This sounds a bit nosy of me, but what do you think was the trigger for his suddenly disengaging with education? since his igsce's, which presumably he did in school. Was it something that happened in the last term of school, or the holidays setting a pattern of isolation, or just the stress of getting through the exams and feeling he can never get the same good results a second time.
I have a son in home education who is 13, with ASD, and I want to try and make sure that the current plan to send him back to school is the right one. At the moment he isn't anxious, but a bit bored by lack of structure and motivation in a home setting. I want to do the right thing - give him academic opportunities but not exacerbate anxieties. He goes out a lot and sees people atm, and we do lots of activities, but he is very behind academically in lots of ways, despite being average intellectual ability.

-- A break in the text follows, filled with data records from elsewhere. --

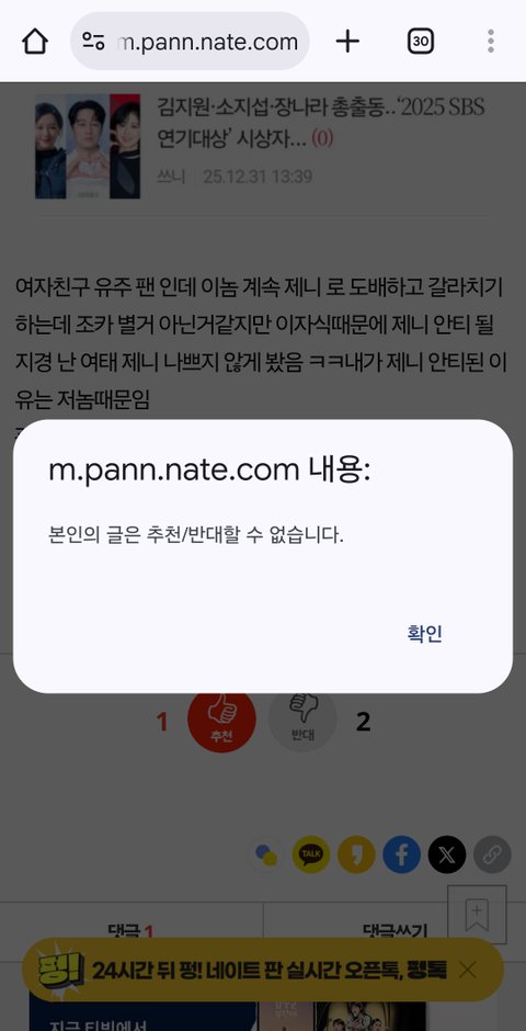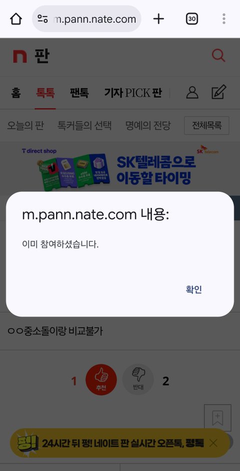 혹시나 하지만 본인글은 본인 추천 반대 할수 없어...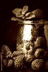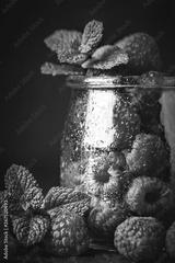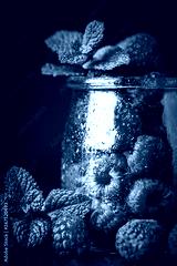 Raspberry. Raspberries and blueberries in a Cup on a dark background. Summer and healthy food concept. Background with copy space. Selective focus.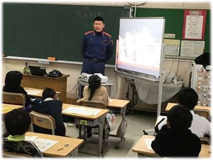 今日は、消防署から消防士の方を講師に招いて、消防署の役割や消防士の方がどのような仕事をしているのか、クイズ形式で答えるなかで学びました。初めて知ることも多く、講師の方のお話に驚いたり、さらに「もっと調べたい」と興味を高めたりする時間になりました。来週は、実際に消防署の見学も予定しています。今日学んだことや、もっと知りたいと思ったことを踏まえて、来週の校外学習につなげていきます。

I so sympathise with your son, I remember in a small way that feeling of not wanting to see anyone aged 17, curling up in a ball, feeling I couldn't face school despite being successful academically, and pressures of course work etc. I think it is a pattern that can recur throughout one's life, but in my case a structured social activity always saved the day..I think I did a drama club (I was good at singing)and that brought me out of my shell. Sometimes a very small change, a chat with my parents in the garden at breakfast, a visit from a relative who was detached and not interfering and told good jokes, or a reason to go outside however briefly can tip one back into feeling more optimistic and then another tiny step forward is taken. But I can remember feeling there was no way out, and I wanted to die - this is for reasons of social isolation etc. All that seems alien to me now, I think those feelings are particularly strong when you are teenager, with any social communication issues and low self esteem for various reasons. It is an impossible vicious circle, you begin to imagine that everyone can manage life but you cannot.
For me the most important thing was to be forced to talk to family members occasionally, at mealtimes and not encouraged to be alone or retreat. Is there any way you could tempt him down in a very non critical manner to share food? Or do some small task for you or errand to rebuild esteem? Or watch humorous telly with him and hear his opinions.